Outcomes of cats undergoing surgical attenuation of congenital extrahepatic portosystemic shunts through cellophane banding: 9 cases (2000-2007).

OBJECTIVE: To evaluate the long-term prognosis of cats with a congenital extrahepatic portosystemic shunt (CEPSS) attenuated through gradual occlusion with cellophane banding (CB). DESIGN: Retrospective case series. ANIMALS: 9 cats with a CEPSS that was attenuated with CB. PROCEDURES: Medical records of cats surgically treated for CEPSS by means of CB from January 2000 through March 2007 were reviewed. Extracted data included preoperative clinical signs, medications, diagnostic results including serum bile acids concentrations, surgical technique, intraoperative and postoperative complications, and long-term follow-up information. RESULTS: 2 cats that developed refractory seizures were euthanized within 3 days after the CB procedure. Seven of the 9 cats survived to 15 days after surgery. Four cats did not have any clinical signs of CEPSS at long-term follow up. At that time, 5 cats had a postprandial SBA concentration within reference limits and 1 cat had persistent ptyalism. One cat had biurate ammonium stones removed > 2 years after surgery. One cat was euthanized 105 days after surgery because of uncontrolled seizures.

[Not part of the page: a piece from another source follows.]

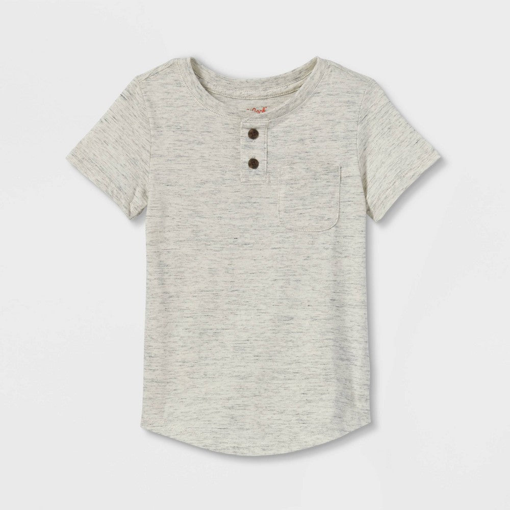 Coordinate his everyday laidback look with this Henley Short-Sleeve T-Shirt from Cat and Jack?. This short-sleeve T-shirt in a heathered finish makes a go-to staple to his casual wear. It features a two-button placket henley neck along with a chest pocket for classic style. The soft fabric lends comfy all-day wear. Have him wear this regular-fit tee tucked or untucked with any style of bottoms in his closet for versatile dressing options. Cat and Jack?: Classics with an imagination of their own. Color: Cream. Gender: male. Age Group: toddler. Pattern: Solid. Material: Cotton.

The 3-year survival rate was 66%. CONCLUSIONS AND CLINICAL RELEVANCE: Uncontrolled seizure activity was the most common cause of death after CB. Long-term outcome for cats with CEPSS was fair to good after the procedure. Cats with a CEPSS surviving the immediate postoperative period had a fair to good long-term outcome. Cellophane banding without intraoperative attenuation appears to be an acceptable technique for gradual occlusion of a CEPSS in cats. Cats should be monitored closely for development of neurologic disorders in the postoperative period.